How does PyMC3 interpret von Mises boundaries?

If I wanted to have a von Mises distribution that is bounded with a lower bound of 350 degrees and an upper bound of 30 degrees (so encompassing 40 degrees on a 0-359 continuous scale), how would I implement that? It looks like the documentation says that von Mises go from a scale of -np.pi to np.pi, so what happens if I enter a value outside of that? Does it automatically get converted into the -np.pi to np.pi scale?

For example would the following code work correctly?

a = pm.Uniform('a', lower = np.deg2rad(-10.), upper = np.deg2rad(30.))
b = pm.VonMises('b', mu=a, kappa = 30.)

Would work for what you are trying to do?

It seems the von Mises is already bounded to support -np.pi to np.pi according to the documentation. But it’s unclear, even with that documentation, how I can further bound the von Mises such that I want the upper to be -2.96 (equivalent to -170 deg.) and the lower to be 2.62 (equivalent to 150 deg.) but I don’t want pymc3 to interpret the boundaries as the reverse such that 0 would be allowed but -3 would not be allowed. I also want to know whether I need to transform/bound any distribution that is the prior for the mu in the von Mises distribution (such that the prior only inputs values between -np.pi to np.pi) or whether it will automatically get converted within the values that von Mises supports.

The distribution is periodic in 2pi. So any ‘mu’ you specify (directly or through a prior) will get folded into the -pi to pi interval modulo 2pi. You can check this by sampling with mu = mu0, mu0+2pi, mu0+4pi etc.

If I understand your question correctly, you are not trying to alter the period. You are just trying to bound the draws and then flip the interval. A combination of pm.Bound and pm.Deterministic should do it for you. If you are just trying to alter the period and the phase for the distribution, you could still use pm.Deterministic.

Oh I see. Thanks for the help about how ‘mu’ gets folded into the interval. That solves several problems but leaves me with one last concern.
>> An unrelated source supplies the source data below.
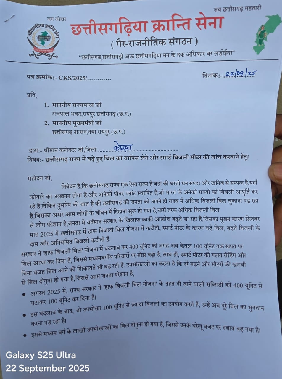 कोरबा। प्रदेश में बिजली दरों में बढोत्तरी एवं स्मार्ट मीटर से उत्पन्न विसंगति ,अनियमितता से आमजनता आहत है। संकट की इस घड़ी में छत्तीसगढ़िया क्रांति सेना
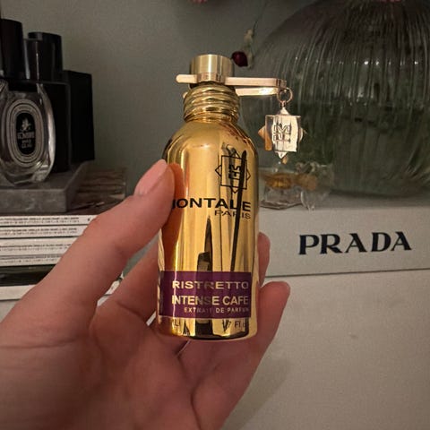 Montale Dark Vanilla parfyme med en flaske på 100 ml. Parfymen har en svart og lilla flaske med gullfargede detaljer. Den er brukt kanskje 10 ganger koster 1700/1800 kr ny men selges for 1400. Det er nesten ikke brukt noe så flasken er nesten like full som da jeg fikk den ny👍
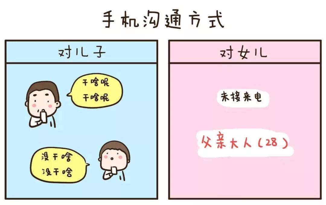看看爸爸和兒子或女兒的聊天記錄,爸爸和兒子的對話通常是字數少,簡單直接,復讀機模式,對方若沒有及時回應就沒有下文了……
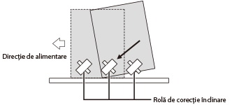 Rola de corecţie a înclinării se află în unitatea de alimentare a motorului de imprimare. Ea reglează poziţia înregistrată a hârtiei alimentate prin împingerea acesteia pe diagonală la peretele din interiorul unităţii de alimentare. Dacă setarea nivelului de corecţie a înclinării este incorectă, imaginea tipărită va fi oblică.
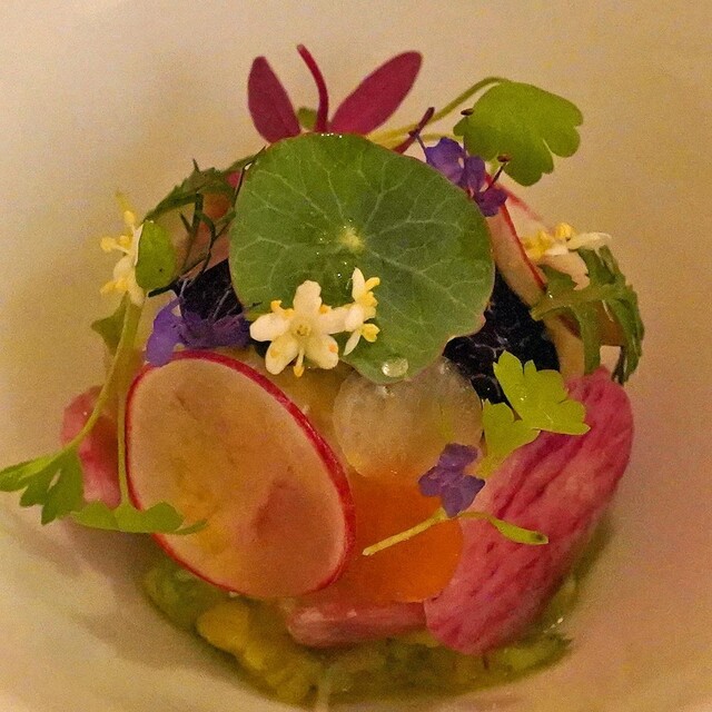 ビーツを加えたクランブルを赤土に見立て、その上に季節の野菜をその野菜に適した調理したものをのせております、炒った向日葵の種、ローストしたアーモンド、仕上げにピーナッツオイルを回しかけ、香ばしさも加えた見るのも楽しい一皿ですね。

If I want to use a mixture of von Mises distributions, I have to specify VonMises.dist, but the use of .dist means that I can’t use pm.Deterministic to fix the folding issue. For instance,

dists = [
    pm.VonMises.dist(mu=3, kappa=10),
    pm.VonMises.dist(mu=-3, kappa=10),
y = pm.Mixture('y', w=p, comp_dists=dists, observed=obs)
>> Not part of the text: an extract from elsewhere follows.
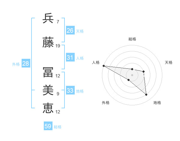 兵藤 冨美恵さんを姓名の画数から五運を鑑定

Is there a way for me to use a Deterministic function or to otherwise transform the dists so that both von Mises components are within the interval -pi to pi?

For anyone wondering how to fix the von Mises between -pi and pi (given that you are not using a mixture), the easiest way I could think of was to create a custom function:

from theano.compile.ops import as_op
@as_op(itypes=[tt.dscalar], otypes=[tt.dscalar])
def within_pi_op(k):
while (k<-np.pi or k>np.pi):
k[k>np.pi] -= np.pi2
k[k<-np.pi] += np.pi
return k

and then

vm = pm.VonMises(‘vm’,mu=3,kappa=10)
a = pm.Deterministic(‘a’, within_pi_op(vm))

The problem is I can’t use pm.Deterministic.dist so I can’t transfer this to using a mixture of von Mises.

Ok, so I think I have it working now. But it required monkey patching which I realize is bad coding practice. I’d love any ideas on how to get this implemented without monkey patching.

Here’s how PyMC3 currently deals with a mixture of von Mises distributions (using pm.Bound does not fix it and instead removes the values outside the boundaries):

And here’s what I wanted it to do and what it currently does after monkey patching:

The patch I did was to go inside the class VonMises(Continuous) and change the “def random” so that its output of generate_samples is now within_pi(generate_samples), where within_pi just takes all the values lower than -pi and all the values greater than pi and adds 2pi or subtracts 2pi respectively.